● TASK BRIEF:
Once the images are set aside, write out the rest of the records exactly.

Stored items from a collection
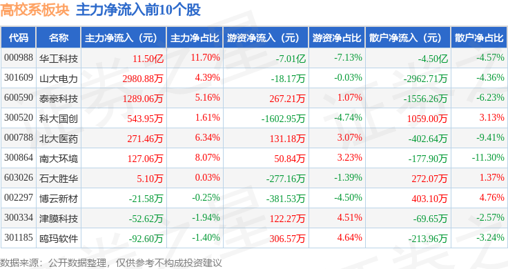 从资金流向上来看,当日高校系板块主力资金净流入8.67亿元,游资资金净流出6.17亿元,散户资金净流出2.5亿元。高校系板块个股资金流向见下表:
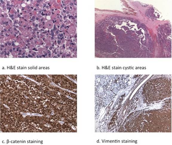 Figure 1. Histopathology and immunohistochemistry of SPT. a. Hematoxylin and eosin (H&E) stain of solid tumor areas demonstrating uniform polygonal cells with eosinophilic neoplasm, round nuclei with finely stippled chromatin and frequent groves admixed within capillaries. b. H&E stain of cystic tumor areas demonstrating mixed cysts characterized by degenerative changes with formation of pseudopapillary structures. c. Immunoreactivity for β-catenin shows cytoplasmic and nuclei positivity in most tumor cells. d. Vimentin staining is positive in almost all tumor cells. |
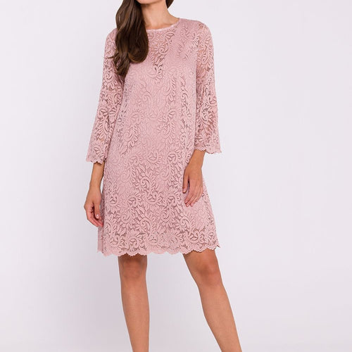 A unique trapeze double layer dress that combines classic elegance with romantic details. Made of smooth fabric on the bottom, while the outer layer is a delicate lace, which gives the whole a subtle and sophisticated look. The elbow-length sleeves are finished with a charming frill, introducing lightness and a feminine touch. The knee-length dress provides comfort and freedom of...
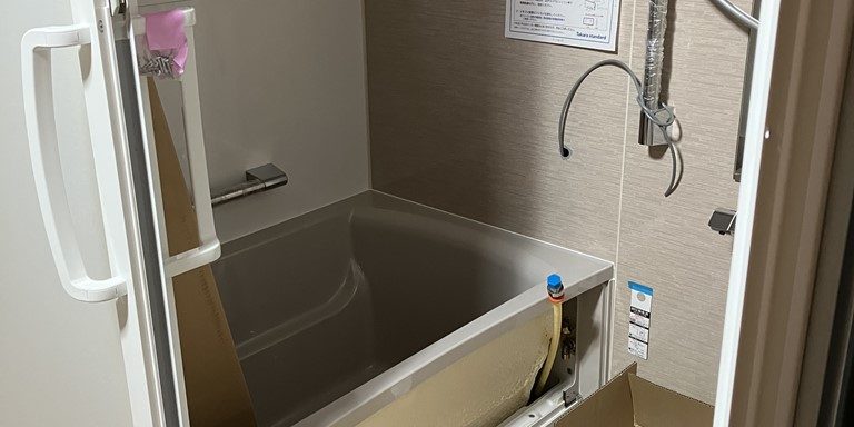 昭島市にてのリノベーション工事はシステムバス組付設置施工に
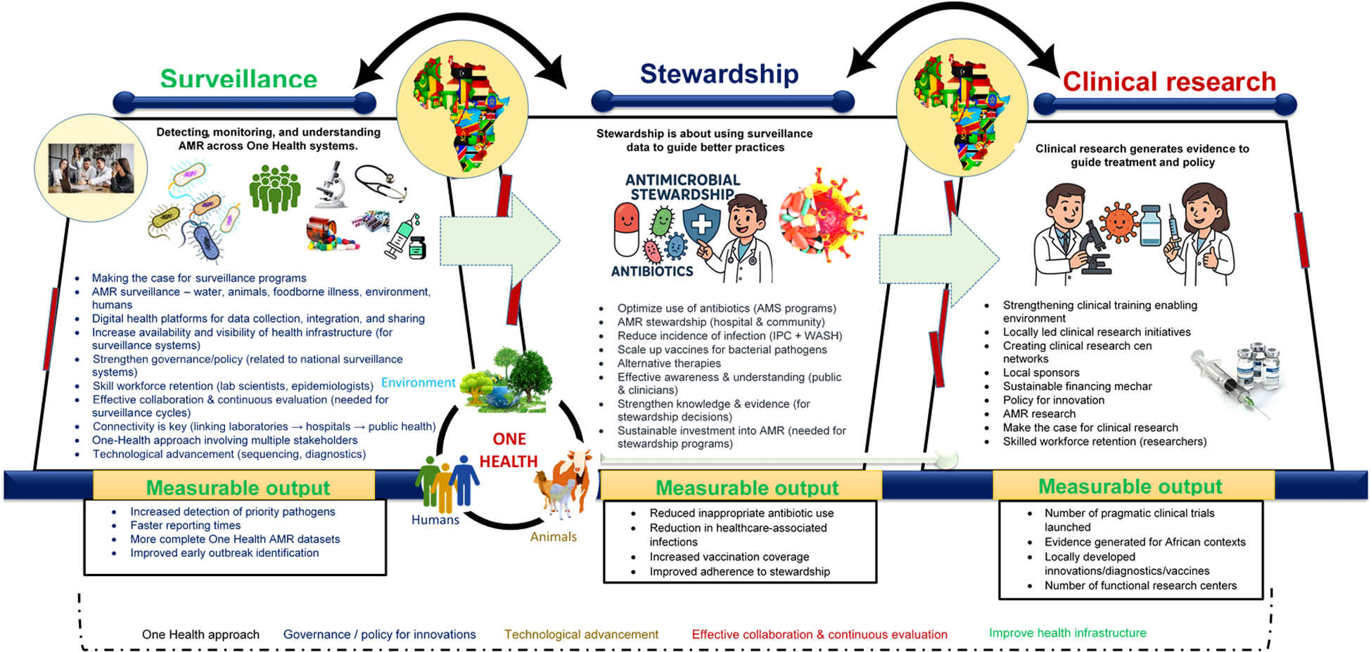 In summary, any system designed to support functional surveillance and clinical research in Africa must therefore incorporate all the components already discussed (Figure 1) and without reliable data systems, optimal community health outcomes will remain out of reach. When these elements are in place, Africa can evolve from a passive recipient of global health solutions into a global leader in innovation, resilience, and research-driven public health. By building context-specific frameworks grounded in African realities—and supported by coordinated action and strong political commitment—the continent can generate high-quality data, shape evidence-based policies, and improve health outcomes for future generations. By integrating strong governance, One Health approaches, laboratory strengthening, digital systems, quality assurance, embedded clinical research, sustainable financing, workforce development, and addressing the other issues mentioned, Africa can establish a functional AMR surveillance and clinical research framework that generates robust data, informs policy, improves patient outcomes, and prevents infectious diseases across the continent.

● RESPONSE AREA:
 从资金流向上来看,当日高校系板块主力资金净流入8.67亿元,游资资金净流出6.17亿元,散户资金净流出2.5亿元。高校系板块个股资金流向见下表:
 Figure 1. Histopathology and immunohistochemistry of SPT. a. Hematoxylin and eosin (H&E) stain of solid tumor areas demonstrating uniform polygonal cells with eosinophilic neoplasm, round nuclei with finely stippled chromatin and frequent groves admixed within capillaries. b. H&E stain of cystic tumor areas demonstrating mixed cysts characterized by degenerative changes with formation of pseudopapillary structures. c. Immunoreactivity for β-catenin shows cytoplasmic and nuclei positivity in most tumor cells. d. Vimentin staining is positive in almost all tumor cells. |
 A unique trapeze double layer dress that combines classic elegance with romantic details. Made of smooth fabric on the bottom, while the outer layer is a delicate lace, which gives the whole a subtle and sophisticated look. The elbow-length sleeves are finished with a charming frill, introducing lightness and a feminine touch. The knee-length dress provides comfort and freedom of...
 昭島市にてのリノベーション工事はシステムバス組付設置施工に
 In summary, any system designed to support functional surveillance and clinical research in Africa must therefore incorporate all the components already discussed (Figure 1) and without reliable data systems, optimal community health outcomes will remain out of reach. When these elements are in place, Africa can evolve from a passive recipient of global health solutions into a global leader in innovation, resilience, and research-driven public health. By building context-specific frameworks grounded in African realities—and supported by coordinated action and strong political commitment—the continent can generate high-quality data, shape evidence-based policies, and improve health outcomes for future generations. By integrating strong governance, One Health approaches, laboratory strengthening, digital systems, quality assurance, embedded clinical research, sustainable financing, workforce development, and addressing the other issues mentioned, Africa can establish a functional AMR surveillance and clinical research framework that generates robust data, informs policy, improves patient outcomes, and prevents infectious diseases across the continent.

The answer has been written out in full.